In this instance, taking the original Titanic dataset, data elements such as nulls have been masked and in some cases inappropriately ‘typed’ the data. There are also multiple features that are not required, all of which need to be dealt with before one can get a better view of the data presented.

df = tr.load_source_canonical()
tr.canonical_report (df)

Engineering Selection

The canonical is tidied up through engineering selection where one adjusts the features of interest, whilst removing the data columns that are of no interest and making sure the data is correctly typed.

df = tr.tools.auto_reinstate_nulls(df, nulls_list=['?'])
df = tr.tools.to_remove(df, headers=['body', 'name', 'ticket', 'boat', 'home.dest'])
df = tr.tools.auto_to_category(df)
df = tr.tools.to_numeric_type(df, headers=['age', 'fare'])
df = tr.tools.to_int_type(df, headers='survived')

tr.run_component_pipeline()

Validation

Now our selection engineering has been applied to the dataset one has a clearer view of the value of the data provided.

The canonical report provides an enhancement of already existing data science tools to give a clear single view of our data set that is familiar to a broader audience.

tr.canonical_report(df)

Reporting

As well as its visual display the enhanced dictionary can be distributed to any connecting service, such as an XL spreadsheet and its graphical tooling.

dictionary = tr.canonical_report(tr.load_persist_canonical(), stylise=False)
tr.save_report_canonical(reports=tr.REPORT_DICTIONARY, report_canonical=dictionary)

Report Tailoring

By default reports are given their own name and data type, though this can be tailored to suit a targeted system with options of name, versioning, timestamp and the data type of the data to be reported.
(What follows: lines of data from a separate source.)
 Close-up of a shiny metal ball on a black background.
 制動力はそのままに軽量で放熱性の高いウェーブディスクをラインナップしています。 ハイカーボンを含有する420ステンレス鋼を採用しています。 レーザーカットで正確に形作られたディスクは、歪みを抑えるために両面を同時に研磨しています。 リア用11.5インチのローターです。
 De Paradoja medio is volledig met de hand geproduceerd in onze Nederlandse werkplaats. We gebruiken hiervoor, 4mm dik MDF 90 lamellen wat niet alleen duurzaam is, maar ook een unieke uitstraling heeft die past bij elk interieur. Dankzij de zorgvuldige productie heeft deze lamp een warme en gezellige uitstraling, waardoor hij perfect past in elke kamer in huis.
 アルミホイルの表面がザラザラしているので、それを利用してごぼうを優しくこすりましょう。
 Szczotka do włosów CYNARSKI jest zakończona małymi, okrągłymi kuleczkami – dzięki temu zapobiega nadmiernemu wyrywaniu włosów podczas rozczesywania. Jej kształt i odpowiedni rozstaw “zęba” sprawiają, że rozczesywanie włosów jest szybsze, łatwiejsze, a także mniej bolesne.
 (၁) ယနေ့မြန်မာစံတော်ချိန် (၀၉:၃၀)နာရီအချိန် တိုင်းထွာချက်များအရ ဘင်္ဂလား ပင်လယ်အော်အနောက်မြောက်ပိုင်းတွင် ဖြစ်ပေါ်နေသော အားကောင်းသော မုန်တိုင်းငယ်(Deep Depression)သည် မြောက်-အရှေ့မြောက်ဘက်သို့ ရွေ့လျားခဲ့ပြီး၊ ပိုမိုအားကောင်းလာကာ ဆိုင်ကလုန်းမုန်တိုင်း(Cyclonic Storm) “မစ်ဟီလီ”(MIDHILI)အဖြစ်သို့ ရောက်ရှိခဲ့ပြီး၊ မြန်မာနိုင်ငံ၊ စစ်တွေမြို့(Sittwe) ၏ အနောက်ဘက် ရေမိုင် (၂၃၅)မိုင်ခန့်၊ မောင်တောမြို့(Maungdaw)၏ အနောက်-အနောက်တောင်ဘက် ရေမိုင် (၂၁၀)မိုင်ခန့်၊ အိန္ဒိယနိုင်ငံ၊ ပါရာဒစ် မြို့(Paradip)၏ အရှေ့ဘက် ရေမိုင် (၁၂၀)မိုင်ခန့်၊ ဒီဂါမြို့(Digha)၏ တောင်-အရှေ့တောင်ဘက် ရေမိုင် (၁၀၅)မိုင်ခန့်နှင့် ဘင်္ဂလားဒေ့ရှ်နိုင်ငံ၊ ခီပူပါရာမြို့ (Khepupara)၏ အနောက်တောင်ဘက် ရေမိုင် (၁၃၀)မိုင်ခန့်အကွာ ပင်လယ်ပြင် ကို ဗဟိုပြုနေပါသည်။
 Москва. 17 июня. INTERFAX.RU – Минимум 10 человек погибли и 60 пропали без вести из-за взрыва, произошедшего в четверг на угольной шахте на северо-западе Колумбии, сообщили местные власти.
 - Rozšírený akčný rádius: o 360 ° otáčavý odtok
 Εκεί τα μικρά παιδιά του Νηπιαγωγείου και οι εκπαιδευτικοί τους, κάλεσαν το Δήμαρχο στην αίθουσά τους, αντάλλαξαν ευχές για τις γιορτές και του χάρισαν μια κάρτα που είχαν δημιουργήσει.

reports = [tr.report2dict(report=tr.REPORT_DICTIONARY, prefix='titanic_', file_type='csv', stamped='days')]
tr.save_report_canonical(reports=reports, report_canonical=dictionary)

Quality Summary

When looking at the data as well as the detail in the dictionary one can also produce a summary overview of the dataset as a whole. The quality report provides a subset view of quality score, data shape, data types, usability summary and cost, if applicable.

tr.report_quality_summary()

Report Redistribution

As with the dictionary the quality report can be saved and redistributed to interested parties.

quality = tr.report_quality_summary(stylise=False)
tr.save_report_canonical(reports=tr.REPORT_SUMMARY, report_canonical=quality)